__Exercise__: The stretch wanted below opens at the line containing "Add coastal character" and closes at the line containing "Отсутствующий – поле". Please return it exactly, with no other lines.

__Exercise materials__:
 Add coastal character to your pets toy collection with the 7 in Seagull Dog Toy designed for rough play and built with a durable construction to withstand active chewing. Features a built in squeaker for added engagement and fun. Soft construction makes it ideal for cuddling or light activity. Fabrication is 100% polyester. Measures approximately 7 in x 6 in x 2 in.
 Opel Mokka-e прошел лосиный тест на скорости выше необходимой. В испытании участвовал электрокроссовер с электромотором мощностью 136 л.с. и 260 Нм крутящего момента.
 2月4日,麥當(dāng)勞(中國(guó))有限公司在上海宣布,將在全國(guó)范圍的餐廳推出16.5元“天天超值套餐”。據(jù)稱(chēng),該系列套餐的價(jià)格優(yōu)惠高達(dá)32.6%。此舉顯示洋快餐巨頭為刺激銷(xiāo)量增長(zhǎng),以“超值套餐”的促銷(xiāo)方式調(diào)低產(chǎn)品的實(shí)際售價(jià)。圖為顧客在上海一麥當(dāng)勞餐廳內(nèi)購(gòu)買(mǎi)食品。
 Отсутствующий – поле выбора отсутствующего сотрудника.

==

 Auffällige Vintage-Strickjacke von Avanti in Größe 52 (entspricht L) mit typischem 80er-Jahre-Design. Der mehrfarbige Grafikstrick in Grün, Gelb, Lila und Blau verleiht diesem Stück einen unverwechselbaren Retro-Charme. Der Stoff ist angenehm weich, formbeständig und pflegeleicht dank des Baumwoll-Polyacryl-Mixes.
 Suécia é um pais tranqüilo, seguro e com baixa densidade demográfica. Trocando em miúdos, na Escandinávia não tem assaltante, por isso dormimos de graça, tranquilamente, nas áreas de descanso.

__Output below__:
 Add coastal character to your pets toy collection with the 7 in Seagull Dog Toy designed for rough play and built with a durable construction to withstand active chewing. Features a built in squeaker for added engagement and fun. Soft construction makes it ideal for cuddling or light activity. Fabrication is 100% polyester. Measures approximately 7 in x 6 in x 2 in.
 Opel Mokka-e прошел лосиный тест на скорости выше необходимой. В испытании участвовал электрокроссовер с электромотором мощностью 136 л.с. и 260 Нм крутящего момента.
 2月4日,麥當(dāng)勞(中國(guó))有限公司在上海宣布,將在全國(guó)范圍的餐廳推出16.5元“天天超值套餐”。據(jù)稱(chēng),該系列套餐的價(jià)格優(yōu)惠高達(dá)32.6%。此舉顯示洋快餐巨頭為刺激銷(xiāo)量增長(zhǎng),以“超值套餐”的促銷(xiāo)方式調(diào)低產(chǎn)品的實(shí)際售價(jià)。圖為顧客在上海一麥當(dāng)勞餐廳內(nèi)購(gòu)買(mǎi)食品。
 Отсутствующий – поле выбора отсутствующего сотрудника.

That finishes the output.